Et un garçon de seize ans ici est plus mûr qu’un garçon de seize ans en Afrique. En quittant son pays pour vivre en Europe, Cyriaque est arrivé à maturité plus vite et a développé sa confiance en lui. La vision de l’Europe lui a ouvert l’esprit et il réalise que si un gamin d’ici a plus d’opportunité qu’un petit africain, ici aussi on souffre. Mais quand il essaie de raconter ça à son cousin resté au pays, que tout n’est pas comme les champs Elysées, celui-ci ne veut pas le croire…

Yves a vécu dans le treizième arrondissement de Paris et sait bien que c’est l’éducation qu’il a reçu de sa mère qui l’a écarté de toutes les dérives du quartier. Il se souvient d’ailleurs que quand c’était nécessaire sa mère le menaçait de l’envoyer au Cameroun. C’est arrivé à d’autres et ils revenaient calmés.

Yves et Cyriaque se donnent un certain temps pour percer, ils ont chacun un agent intéressé à développer leur carrière. Rien ne les rendrait plus heureux que de se rencontrer comme adversaires, chacun dans une équipe professionnelle. Même s’ils envisagent aussi de poursuivre leurs études pour garantir leurs arrières, le foot reste l’aventure à mener jusqu’au bout car ils savent bien qu’ils ne jouent pas que pour eux mais aussi pour tous ceux, parents et amis qui croient en eux.
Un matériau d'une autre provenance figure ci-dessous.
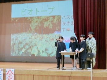 今日は3年生が、語り部の皆さまのご指導を受けながら学んできた北中山地区のお宝について、お世話になった語り部の皆さまをご招待して学習発表会をしました。また、3年生保護者を始め地域の皆さまにも参観に来ていただきました。本日は、ありがとうございました!発表会は、いくつかの地域のお宝劇を中心に、1・2・4年生へのクイズもあり、とても楽しかったです!また、語り部の皆さまも、今年度大変ありがとうございました!来年度もまたよろしくお願いいたします!(2に続く)
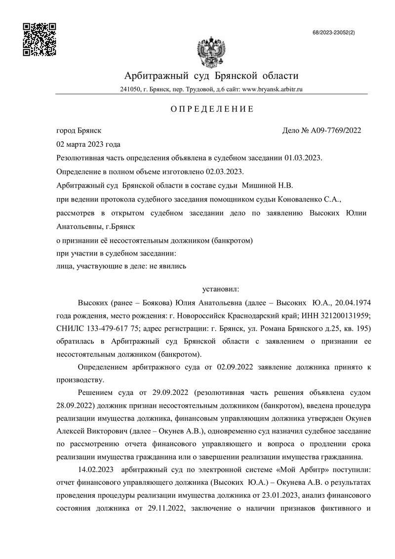Дело было заведено по заявлению гражданина о признании его банкротом. Судебные заседания проходили при участии судьи и финансового управляющего. В процедуре было тщательно изучено финансовое состояние нашей клиентки и проведены подробные проверки.

Réussir serait la fierté de la famille et la démonstration que dans la vie à force de travail et de persévérance on atteint son but.


1 commentaire:

  1. On reconnais les champions vu la détermination et je peu vous garantir que ses deux personnes sont des champions, et pour cela je leur souhaite bonne continuité et plein de courage.